A mi me parece que este es un
tema muy político, sobre todo para
países como ustedes que han vivido
dictaduras. Hay mucha rabia y mucho
rencor por elaborar. Hay mucho para
reconstruír. Hay una gran memoria
ingrata por transformar, porque en
el fondo el perdón se trata de cómo
transformar la memoria.
¿Puede explicarnos eso? ¿Cómo
es que el perdón está unido a la
memoria?
Lo que pasa es que la ofensa lo
primero que afecta es la memoria,
marca la memoria, y hace que la memoria
grata se convierta en memoria
ingrata. La memoria genera una
narrativa, genera relatos, códigos y
lenguajes que no necesariamente son
hablados, puede ser la danza, puede
ser el cuento, puede ser el canto. Tú
te pones a estudiar, por ejemplo, cuál
es el canto de un pueblo y ves que
a veces el canto apela a la tristeza,
a la memoria ingrata, al pasado. En
el caso de los pueblos indígenas o
negros mucho más todavía. Entonces
lo que hay que hacer es ver cómo
transformar esas anécdotas ingratas
por narrativas, por relatos agradables,
por relatos más agradables pero
de futuro, no de pasado.
¿Cómo llega usted a este tema?
Estuve 3 años colaborando en las
negociaciones de gobierno con las
FARC como experto en resolución
de conflictos.
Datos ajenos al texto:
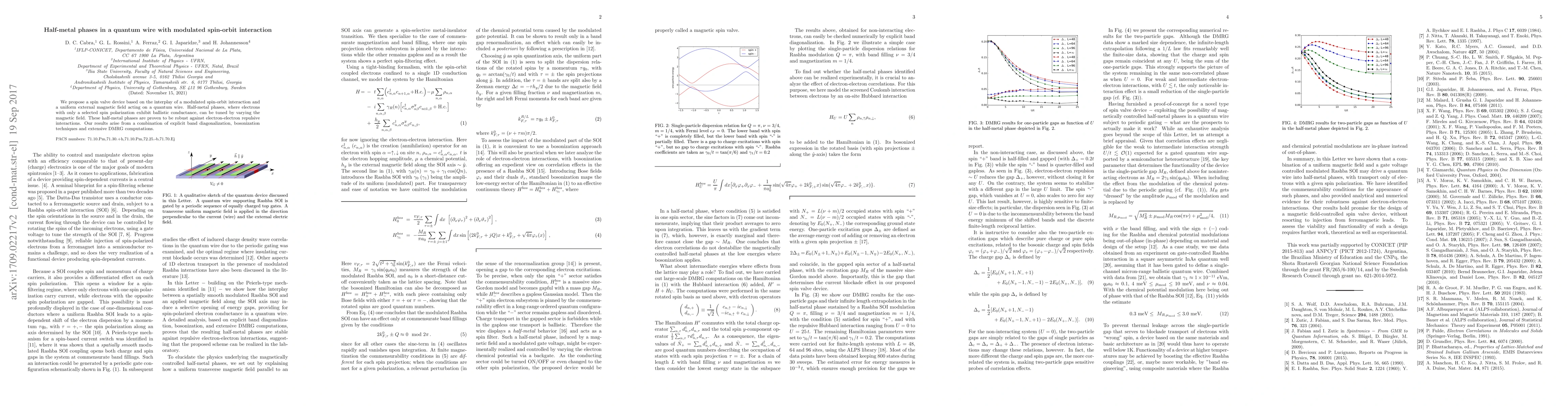 This paper proposes a spin valve device using a quantum wire with a modulated spin-orbit interaction, demonstrating half-metal phases where only selected spin electrons exhibit ballistic conductance. The robustness of these phases against electron-electron interactions is confirmed through band diagonalization, bosonization, and DMRG computations.
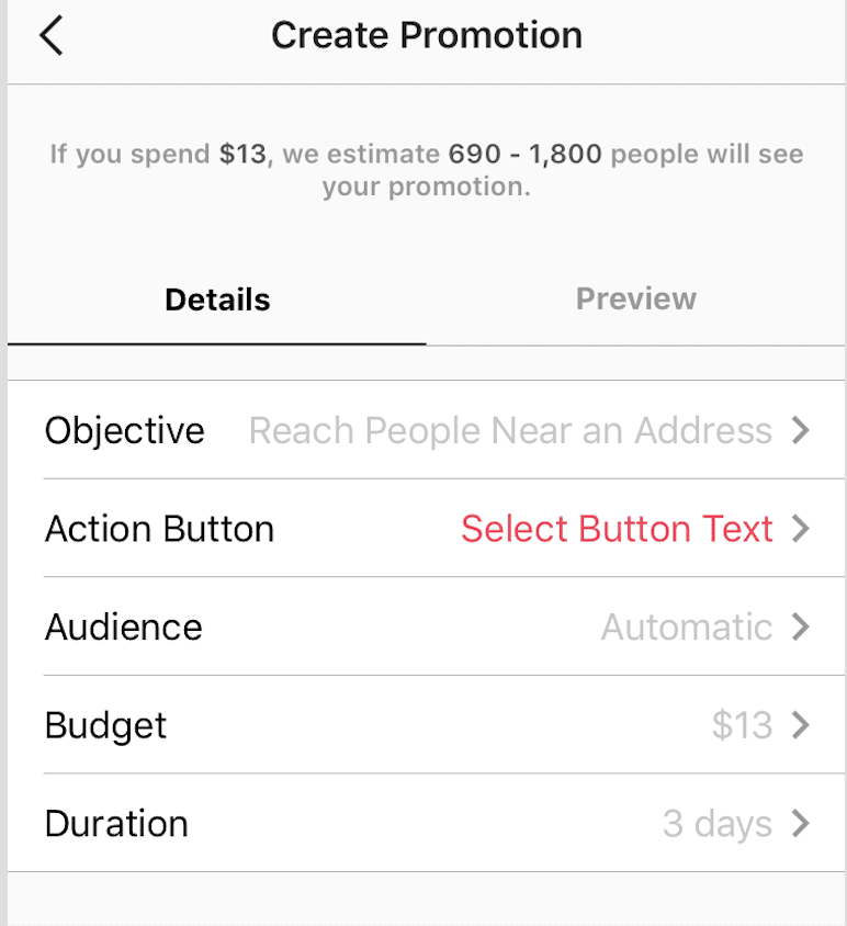 On the next screen, you’ll choose your CTA, set your budget, and establish how long you want your campaign to run. Make sure you preview your ad before submitting it to run.

Yo estaba ayudando
desde el comité temático, que era
un comité de cinco guerrilleros y
cinco personas que escogían los
temas para la mesa, llevábamos
soporte estadístico y llevábamos el
soporte que recogíamos de
unas audiencias populares.
Cuando íbamos a hablar del
tema educativo usábamos
un día completo para traer
rectores, encargados de políticas
educativas, etc. Eran
cincuenta, cien personas.
Todo se televisaba a nivel
nacional, pero entonces
nosotros de ahí sacábamos
las conclusiones y las llevábamos
a la mesa. Era parte
del comité temático. Entonces
en la mesa discutíamos
testimonios sobre salud,
educación, justicia, etc. Y ahí
tú descubres, después de 3
años de reunirnos todos los
sábados en algo agotador,
toneladas de papeles. Después de
analizar las causas objetivas de la
violencia me empecé a preguntar por
qué en esta negociación llevábamos
tres años y nada, en qué fallábamos
y descubrí que lo que pasaba era
que en el fondo tratamos las causas
objetivas pero no tratamos las causas
subjetivas. Las causas subjetivas de la
violencia son la memoria, la rabia acumulada:
si no resuelves esas tampoco
resuelves las otras.
La rabia, el miedo, son las emociones
más inmediatas, el miedo al dolor, el
miedo a la vida y la rabia. La rabia es
una de las emociones más difíciles de
manejar porque la rabia es una loca,
la loca de casa y se nos aparece cuando
menos queremos y nos desborda
completamente. Entonces, aprender
a manejar la rabia es muy importante,
y sobre todo enseñarle a un niño
a manejar la rabia es fundamental, es
más importante que enseñarle matemáticas,
geografía. Esta tendría que
ser una materia de la escuela: cómo
manejar la rabia. Habitualmente nos
enseñan a administrar la rabia, a
contenerla, o a aumentarla.
Yo creo que si te ponen 4 o 5 en una
materia en clase, te da rabia. Lo que
hace la escuela es el mayor refuerzo
de la violencia. Eso de entrenar
animales con el menor refuerzo
de lo negativo es una lección de la
cotidianeidad.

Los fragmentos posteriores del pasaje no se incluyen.